[Dataset entries]

-------------------------

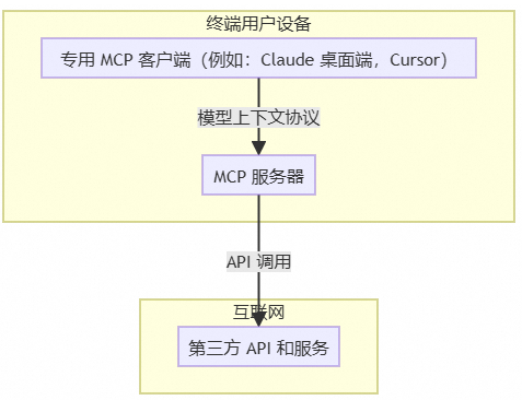Local MCP Server 是指在用户本地设备上运行的 MCP 服务器。在这种模式下,MCP 客户端(如Claude Desktop或Cursor)通过本地进程通信(stdin/stdout)与 MCP 服务器交互,服务器再连接到互联网上的各种 API 和服务。这种架构简单直接,适合个人开发者使用,但存在一些局限性。
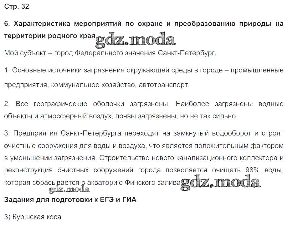 ГДЗ решение к заданию № 32 География России. Население и хозяйство 9 класс Рабочая тетрадь с контурными картами Сиротин В.И. Дрофа 2020 ФГОС бесплатно на гдз.мода!
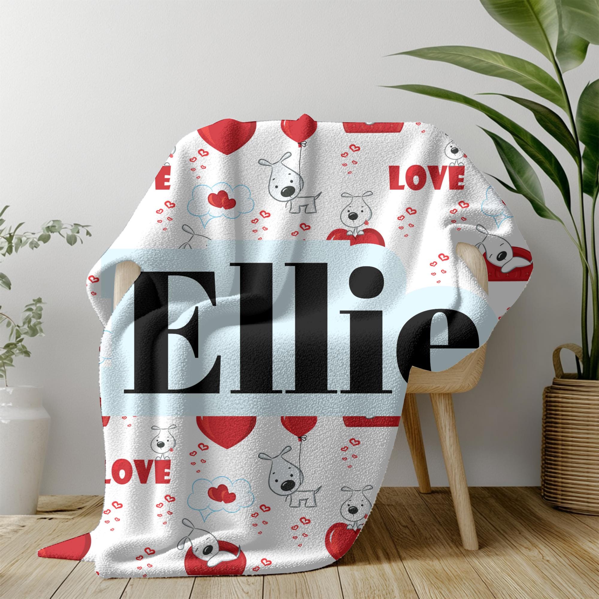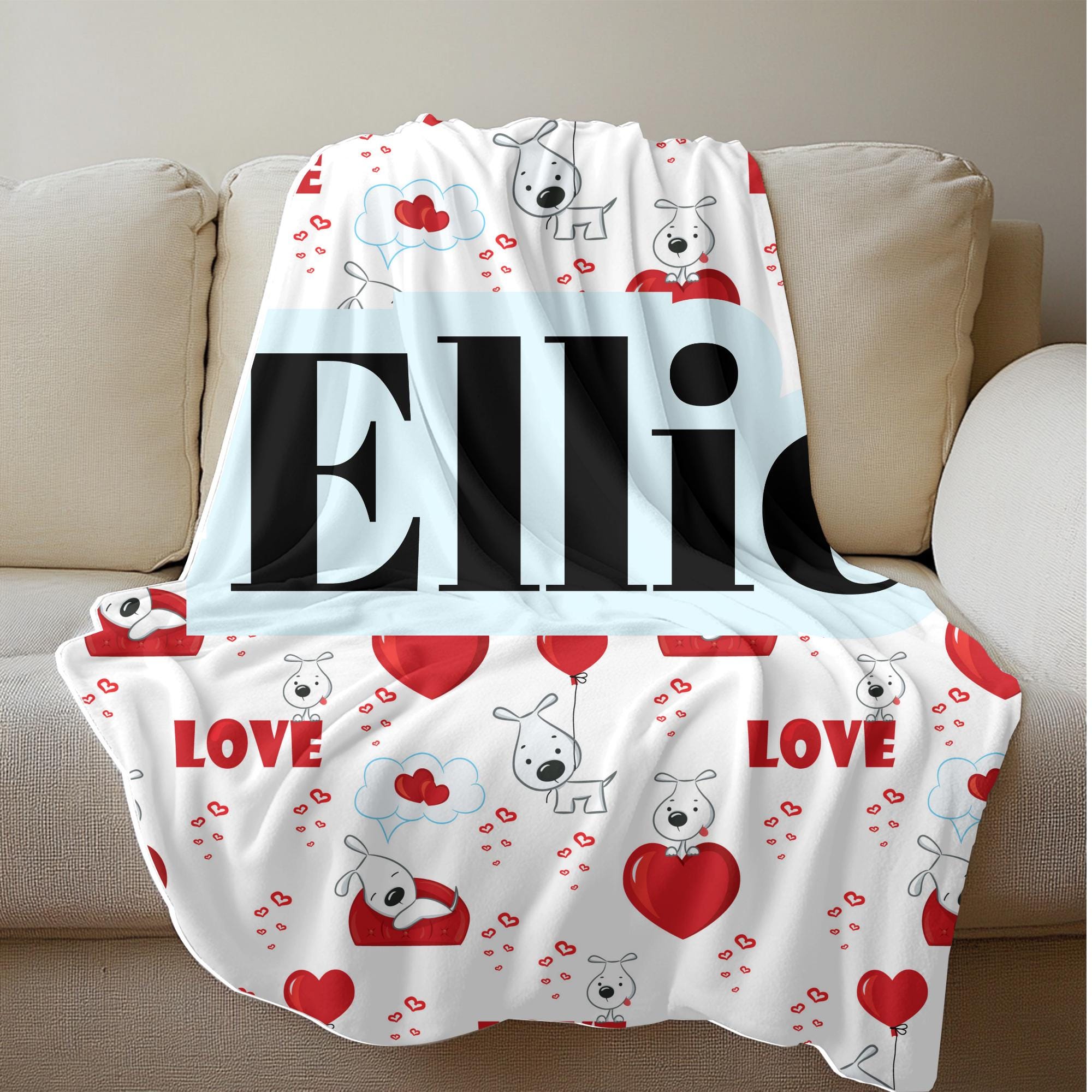 If you’re searching for a sweet, thoughtful, and totally adorable gift for your girlfriend, your daughter, or anyone who loves dogs, this personalized blanket is perfect. The cute puppy illustrations and heart details make it feel romantic and playful — and the big custom name turns it into a gift they’ll actually use and smile about every day.
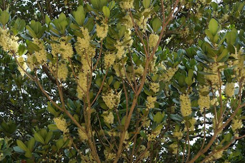 院區有不少棵大葉山欖樹正在同步開花。花蜜和花粉都很多,是昆蟲在冬天裡很好的食物來源。果實成熟期是在夜間觀賞白鼻心和大赤鼯鼠最好的時機。嚐過牠們吃剩的果實,很甜沒有酸味。院區的狗在樹的附近咬死過白鼻心。生態時代館二樓的展出中有物證照片。大而密的葉子也讓這些樹成為院區的領角鴞在白天休息的地方。
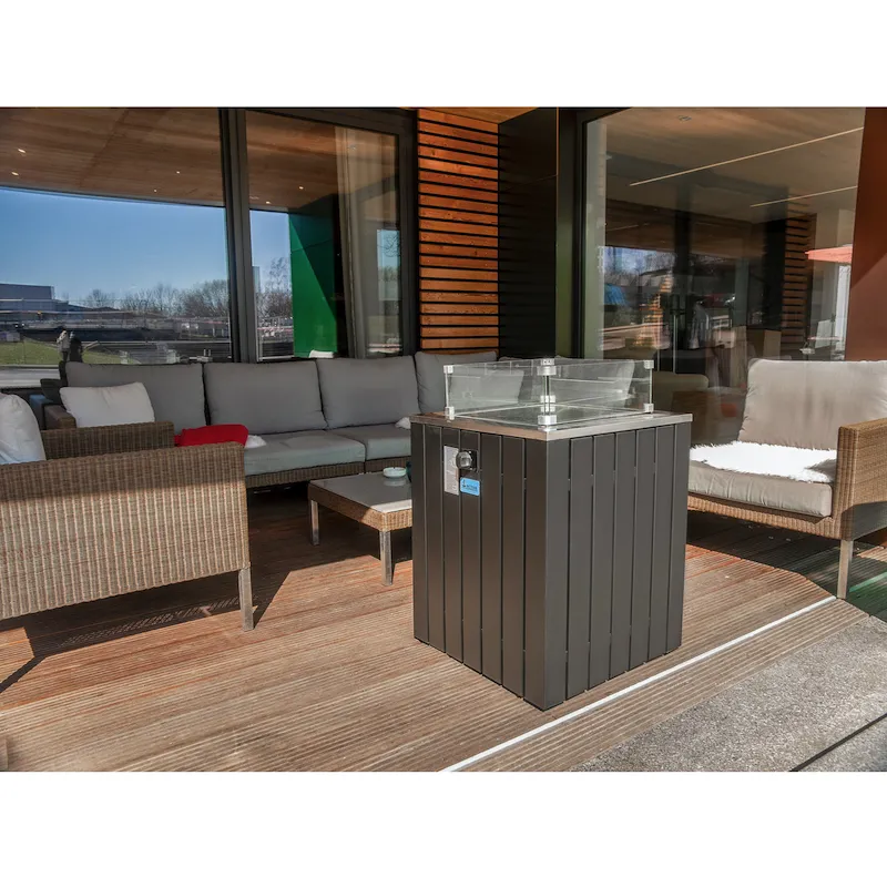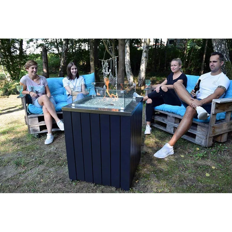 Уличные газовые камины или столы с очагом – это инновационные предметы интерьера и одновременно модное направление в дизайне террас, созданные для придания атмосферы уюта и тепла в прохладное время года! Уличный газовый камин Activa Asano украсит Ваш сад или террасу приятным светом и бликами пламени, а также станет мощным (12,5 кВт) источником тепла в холодную погоду. Использование искусственных керамических дров в камине полностью имитирует эффект «живого» очага с огнем и придает неповторимое ощущение комфорта и безмятежности. Ваши гости ни за что не поверят, в то, что дрова в камине ненастоящие – настолько правдоподобно и впечатляюще выглядит это завораживающее зрелище. В отличие от горения костра, такой камин не выделяет едкого дыма, так как газ сгорает на 100%. При желании уличный газовый камин ACTIVA Asano можно легко превратить в обеденный стол, журнальный столик или бар на открытом воздухе, для этого в комплекте есть специальная крышка закрывающая горелку.
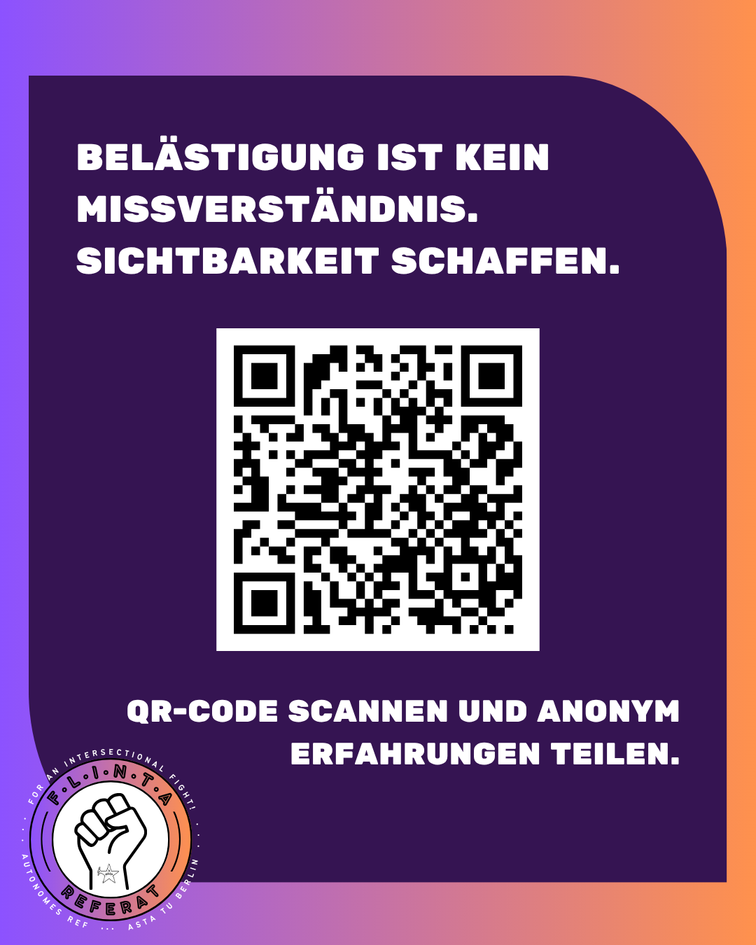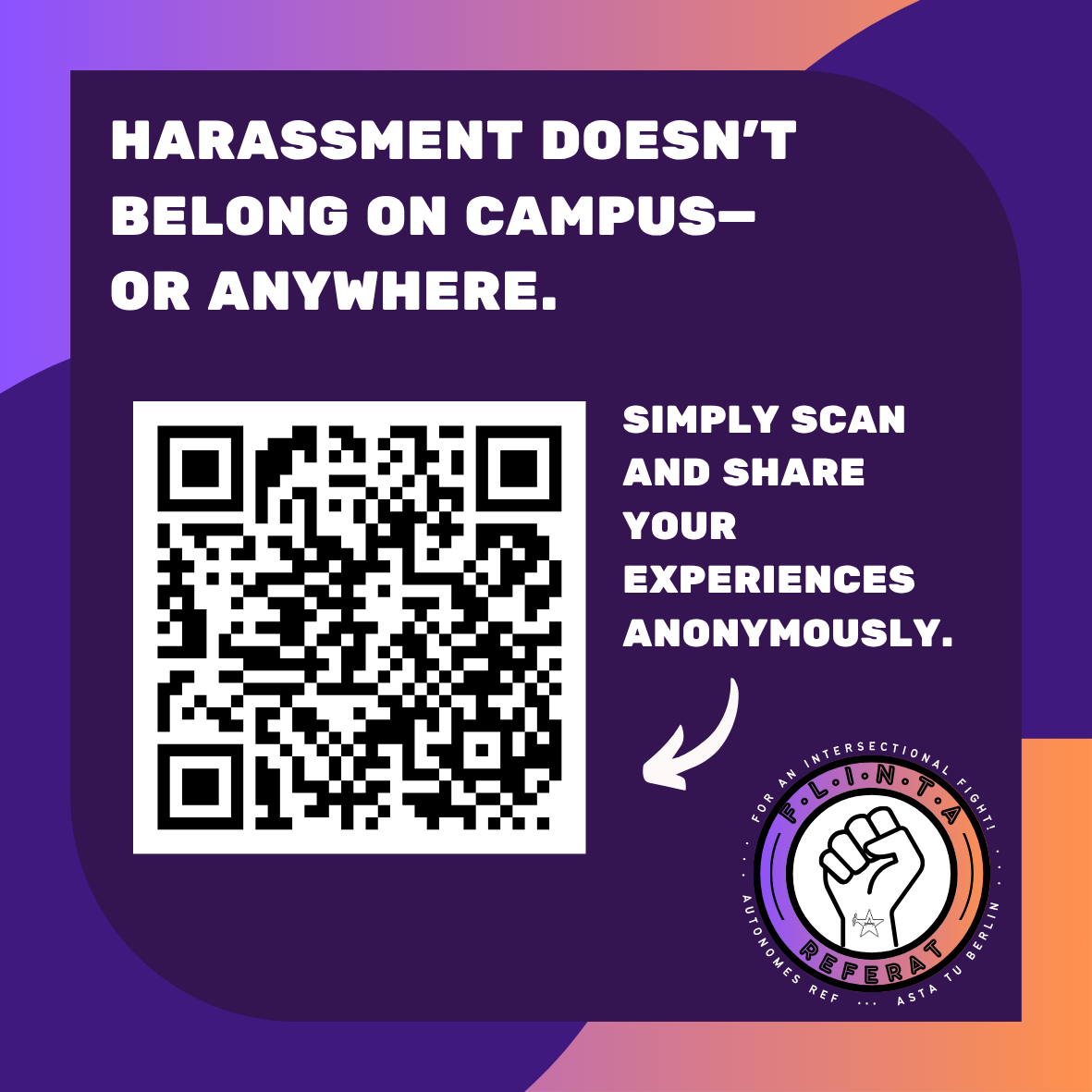 If you have any questions or concerns you can write us via Instagram or mail (flinta@asta.tu-berlin.de). You can find a list of contact points and advice centres that you can turn to in the event of discrimination in our FAQs.
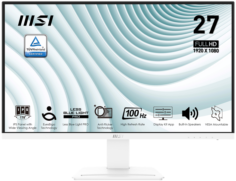 - MSI PRO MP273AW 27" 16:9 FHD(1920x1080)IPS Flat,5ms(GTG),1000:1,100M:1,300nit,178/178,1xHDMI ,1xDP, 1*D-Sub (VGA) ,Tilt,VESA,100Hz,1y w-ty, White
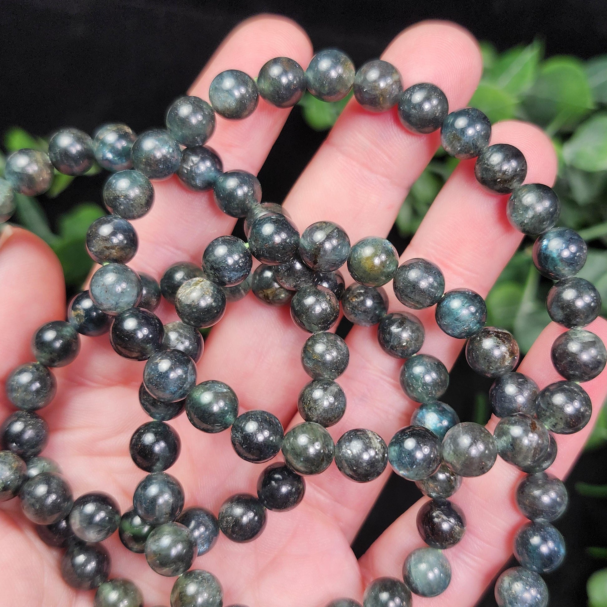 These Kyanite stretch bracelets are created with 7-8mm beads that have been polished to a high sheen. Each bracelet measures approximately 7 inches.

-------------------------

**To do**
Please write out all the data word for word, but keep every picture out.

**Written response**
Local MCP Server 是指在用户本地设备上运行的 MCP 服务器。在这种模式下,MCP 客户端(如Claude Desktop或Cursor)通过本地进程通信(stdin/stdout)与 MCP 服务器交互,服务器再连接到互联网上的各种 API 和服务。这种架构简单直接,适合个人开发者使用,但存在一些局限性。
 ГДЗ решение к заданию № 32 География России. Население и хозяйство 9 класс Рабочая тетрадь с контурными картами Сиротин В.И. Дрофа 2020 ФГОС бесплатно на гдз.мода!
 If you’re searching for a sweet, thoughtful, and totally adorable gift for your girlfriend, your daughter, or anyone who loves dogs, this personalized blanket is perfect. The cute puppy illustrations and heart details make it feel romantic and playful — and the big custom name turns it into a gift they’ll actually use and smile about every day.
 院區有不少棵大葉山欖樹正在同步開花。花蜜和花粉都很多,是昆蟲在冬天裡很好的食物來源。果實成熟期是在夜間觀賞白鼻心和大赤鼯鼠最好的時機。嚐過牠們吃剩的果實,很甜沒有酸味。院區的狗在樹的附近咬死過白鼻心。生態時代館二樓的展出中有物證照片。大而密的葉子也讓這些樹成為院區的領角鴞在白天休息的地方。
 Уличные газовые камины или столы с очагом – это инновационные предметы интерьера и одновременно модное направление в дизайне террас, созданные для придания атмосферы уюта и тепла в прохладное время года! Уличный газовый камин Activa Asano украсит Ваш сад или террасу приятным светом и бликами пламени, а также станет мощным (12,5 кВт) источником тепла в холодную погоду. Использование искусственных керамических дров в камине полностью имитирует эффект «живого» очага с огнем и придает неповторимое ощущение комфорта и безмятежности. Ваши гости ни за что не поверят, в то, что дрова в камине ненастоящие – настолько правдоподобно и впечатляюще выглядит это завораживающее зрелище. В отличие от горения костра, такой камин не выделяет едкого дыма, так как газ сгорает на 100%. При желании уличный газовый камин ACTIVA Asano можно легко превратить в обеденный стол, журнальный столик или бар на открытом воздухе, для этого в комплекте есть специальная крышка закрывающая горелку.
 If you have any questions or concerns you can write us via Instagram or mail (flinta@asta.tu-berlin.de). You can find a list of contact points and advice centres that you can turn to in the event of discrimination in our FAQs.
 - MSI PRO MP273AW 27" 16:9 FHD(1920x1080)IPS Flat,5ms(GTG),1000:1,100M:1,300nit,178/178,1xHDMI ,1xDP, 1*D-Sub (VGA) ,Tilt,VESA,100Hz,1y w-ty, White
 These Kyanite stretch bracelets are created with 7-8mm beads that have been polished to a high sheen. Each bracelet measures approximately 7 inches.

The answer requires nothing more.